仙腸関節(せんちょうかんせつ)は骨の骨である仙骨(せんこつ)と腸骨(ちょうこつ)の間の関節のことで、周囲の靭帯によって強く連結されています。
仙腸関節は脊椎の根元に位置し、画像検査ではほとんどわからない程度の3〜5㎜のわずかな動きを有しています。
仙腸関節は腰椎を支える重要な役割を担っているものなので、不具合を起こすと腰痛の原因となることがあります。
なぜ、仙腸関節の不具合で腰痛がでるか?
仙腸関節は骨盤の中央にある仙骨と、仙骨の両側にある腸骨をつなぐ関節です。
靭帯で強く結び付けられ、骨盤が体を支える土台となっています。
よって、脊椎の根元でバランスを保つ役割を担っているのです。
中腰で重たい物を持ったりすると、仙腸関節に異常な負荷がかかることで関節にズレが起こり、機能障害を起こすことがあります。

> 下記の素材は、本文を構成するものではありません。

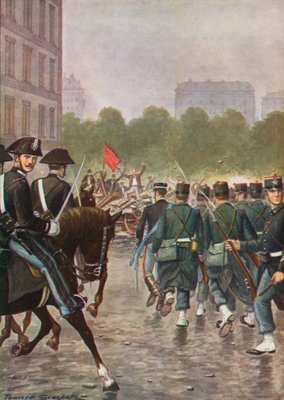 Das Bava-Beccaris-Massaker, benannt nach dem italienischen General Fiorenzo Bava-Beccaris, bezieht sich auf die Niederschlagung weit verbreiteter Unruhen in Mailand im Mai 1898. Italien) von Paolo Giudici(The Bava Beccaris massacre, named after the Italian General Fiorenzo Bava-Beccaris, refers to the repression of widespread riots in Milan in May 1898. Italy) by Paolo Giudici)Unknown Artist |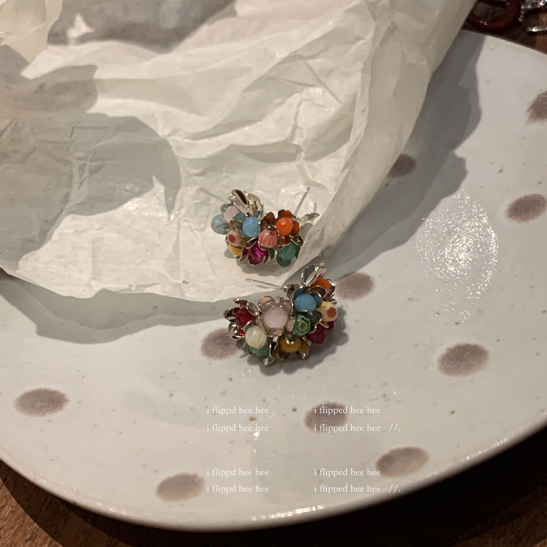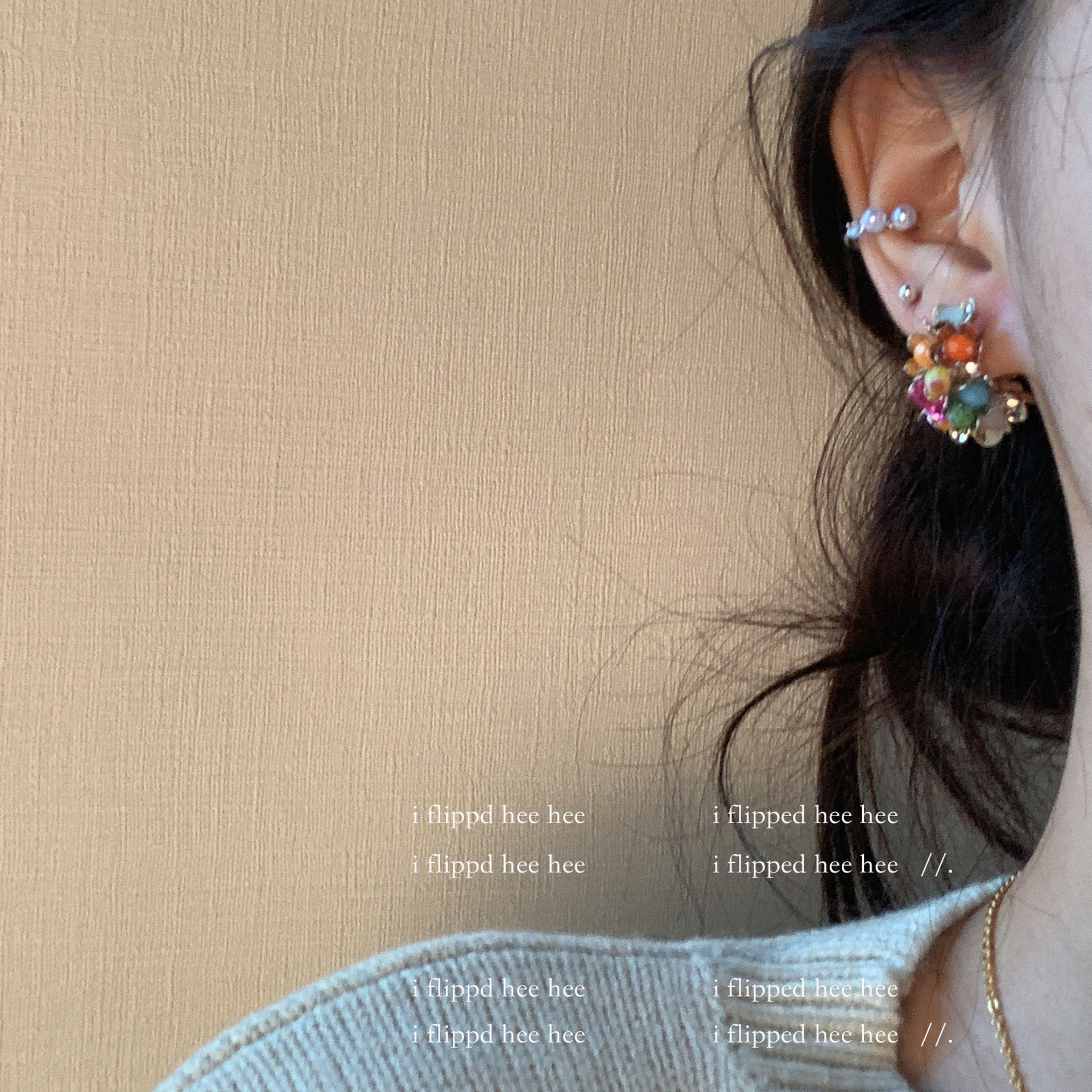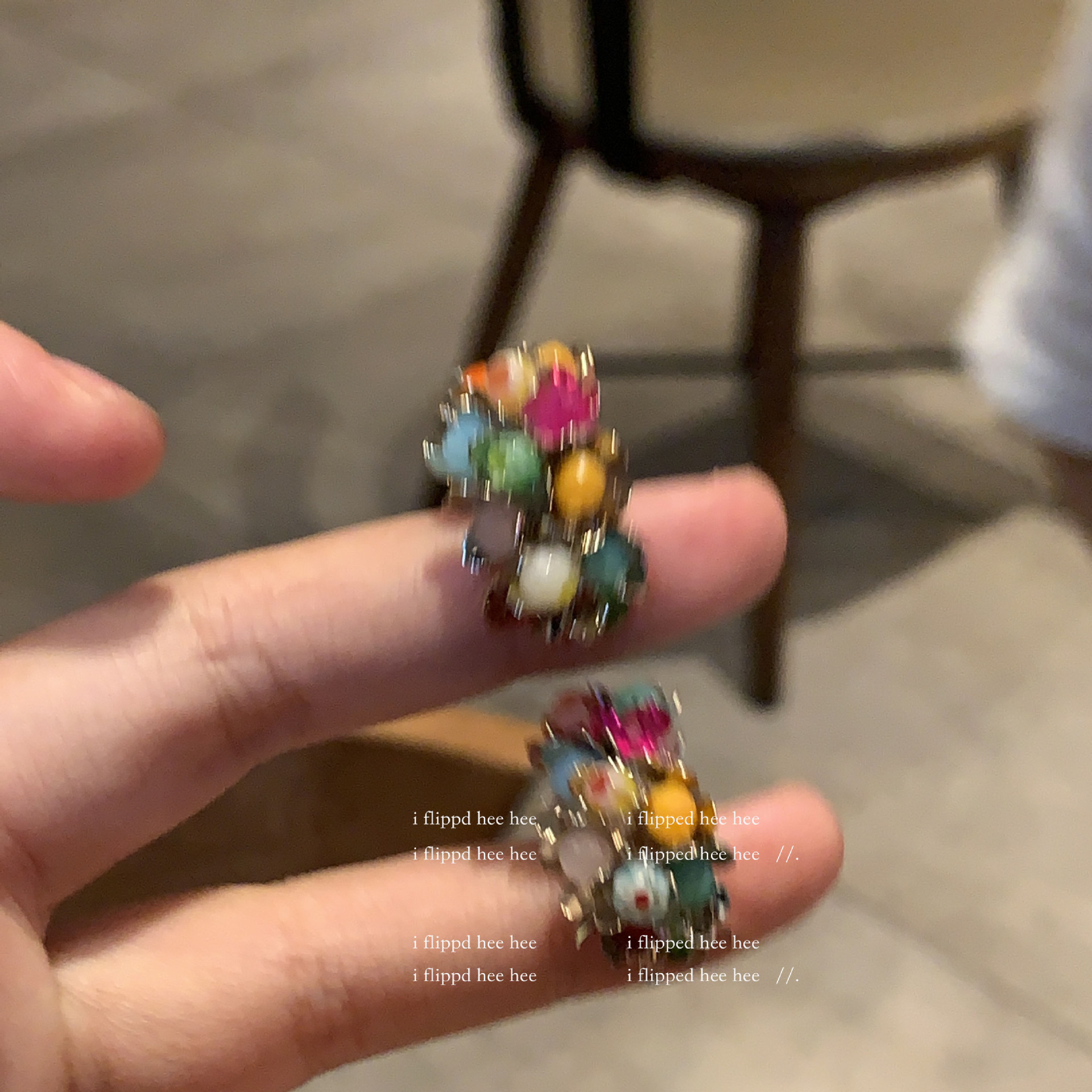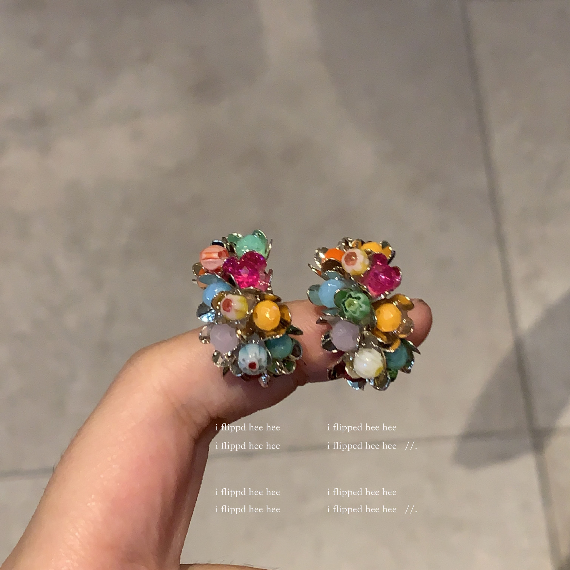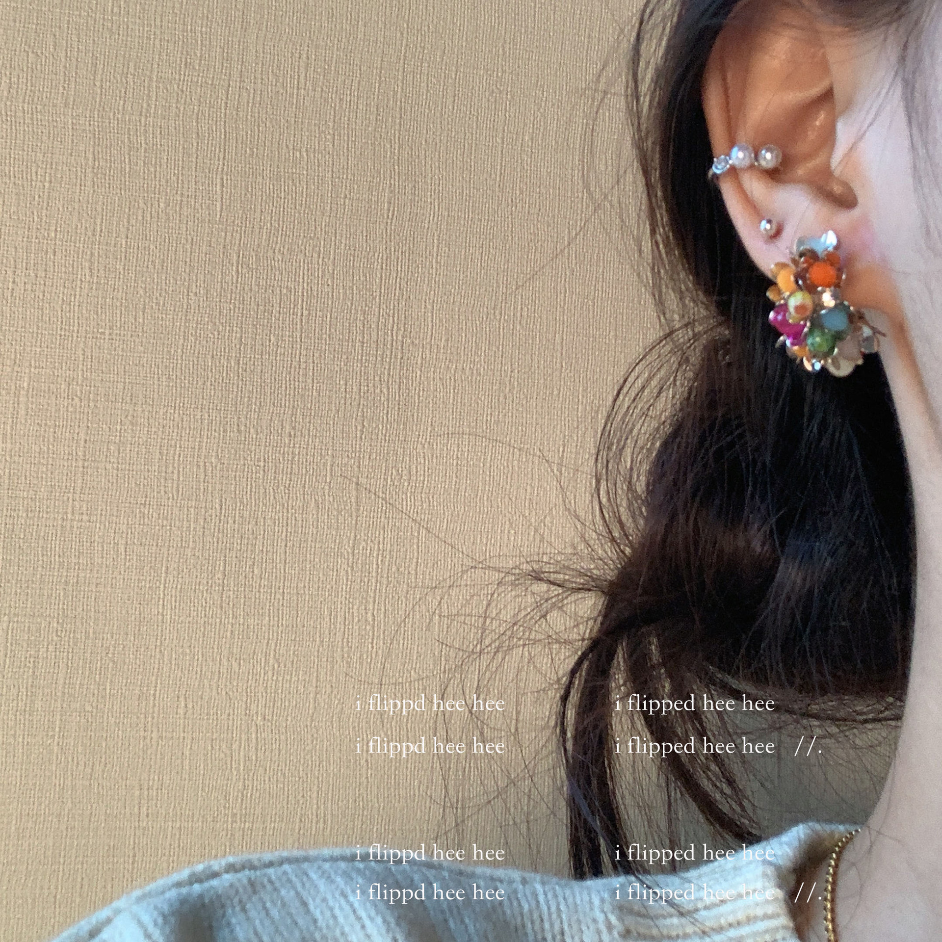 gold-colored colorful stone ear clip

仙腸関節が機能障害を起こすと、仙腸関節のズレによって骨盤が歪み、脊椎にも異常が起こって腰に痛みが走ったり、全身の様々な部位に痛みやしびれ、コリなどが起こります。
これを【仙腸関節症】といいます。
仙腸関節症は出産後の女性に見られることが多いですが、他にも老若男女問わずさまざまなタイプの人に起こるとされています。
仙腸関節の代表的な症状は
・仰向けで寝られない
・長時間椅子に座れないなどです。
また、仙腸関節症での腰痛には仙腸関節を中心とした痛みが多いですが、お尻や脚の付け根、下肢にも痛みがでることがあります。
ぎっくり腰などの急性腰痛の一部には仙腸関節の捻挫が原因になるものもあるとされています。
そして仙腸関節の捻じれがある場合、この捻じれを正さないと慢性腰痛になることがあるので注意が必要です。
人は外部からの衝撃を関節で吸収しています。
しかし仙腸関節以外のほとんどの関節は地面と水平となっているため、垂直方向からの衝撃を吸収しにくいといわれています。
その垂直方向からの衝撃の多くを吸収しているのが仙腸関節なのです。
仙腸関節が疲労や炎症で動きが悪くなってくると
垂直方向の衝撃を仙腸関節が吸収できなくなる分
周囲の筋肉や靭帯にその衝撃が加わり、痛みが発生してしまいます。
仙腸関節が原因の腰痛の症状で
・仰向けで寝ると痛む
・椅子に座ると痛む
がありましたが
仰向けで寝ると→内臓の重みが仙腸関節にかかるので痛む
椅子に長時間座ると→坐骨が椅子で固定されているので、上からの衝撃を仙腸関節が全て受けざるを得ない状況になってしまいます。
正常なときは問題ありませんが、仙腸関節が障害されていると、それで痛みがでてしまうのです。